Token

What Is a Token?

In the context of artificial intelligence and Natural Language Processing (NLP), a token is a unit of text that the model reads and processes. Tokens can be individual words, parts of words, punctuation marks, or even characters, depending on how the AI system is designed.

For example, the sentence “AI is evolving fast.” might be broken into the tokens: ["AI", " is", " evolving", " fast", "."]
Understanding how tokens work is essential for effectively using and optimising AI tools, especially Large Language Models like GPT-4.

Why Tokens Matter in AI

AI language models don’t “read” whole paragraphs the way a human does—they break input down into tokens and interpret them mathematically. Each token is turned into a numerical representation (embedding), which is then analysed by the model to generate a response or prediction.
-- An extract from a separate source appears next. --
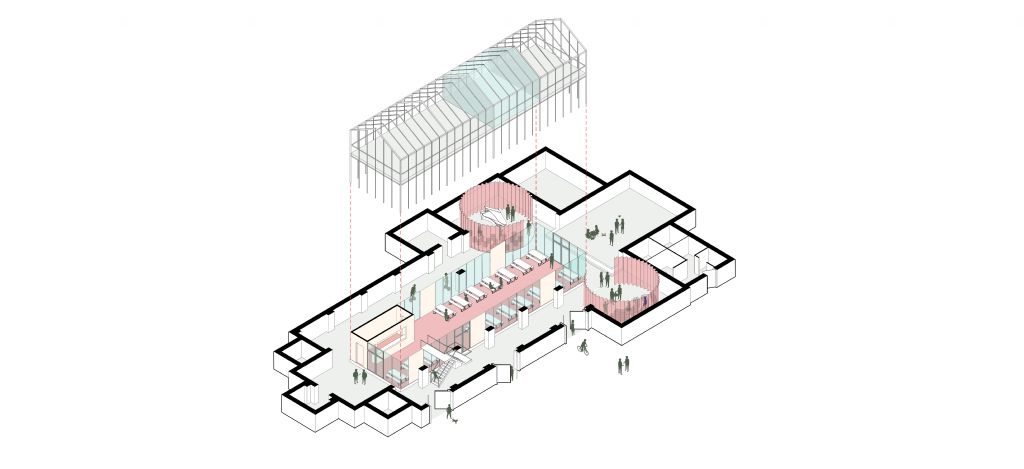 Er ontstaat een rondgang rond het volume die opdeling toelaat in verschillende zones. Zo worden de zijbeuken een plaats voor ontmoeting, expositie, een overdekte speelplaats en voor- en naschoolse opvang. De dwarsbeuk wordt een flexibel in te richten ruimte in functie van specifieke lessen of schoolmomenten.

The number of tokens affects:

How much context the model can handle at once (known as the context window).
How long an output can be.
How much you may be charged if you're using a commercial AI tool (since many charge based on token usage).

Types of Tokenisation

Different models use different tokenisation methods. For example:

Whitespace tokenisation splits text by spaces (common in simple NLP models).
Subword tokenisation breaks down uncommon words into more frequent components, allowing the model to handle rare or misspelled words effectively.
Byte Pair Encoding (BPE) is often used in modern LLMs and breaks text into the most efficient subword units for processing.

Example: The word "unhappiness" might be split into: ["un", "happiness"] or ["un", "happy", "ness"] depending on the model.

Tokens in Practice

Here’s how token usage appears in real-world AI applications:

1. Writing with AI: If you prompt an AI tool with a long query, the tool will process it as a series of tokens. A typical LLM might have a context window of 4,000–32,000 tokens, meaning there's a hard limit to how much text it can "remember" at once.

2. Billing and Pricing: Many AI platforms price requests based on token count. If an input prompt is 500 tokens and the output is 1,000 tokens, you’ll be charged for 1,500 tokens total.

3. Prompt Engineering: Understanding how your text is tokenised helps you write more efficient prompts and stay within token limits, especially when generating longer documents or summaries.

Common Misunderstandings

A token is not always a word. It could be part of a word, a symbol, or even just a space.
Token limits affect both input and output. You can’t just paste a full book into a prompt; token limits apply to the combined size of your question and the model’s answer.
Different models have different token behaviour. A prompt that fits within one model’s token limit may be too long for another.

Tokens are the fundamental building blocks of how AI models read, understand, and generate language. While often invisible to the end user, they directly impact performance, cost, accuracy, and length of AI-generated outputs.

Whether you're a developer, marketer, or writer using AI tools, understanding tokens will help you craft better prompts, manage costs, and get more precise results from your AI system.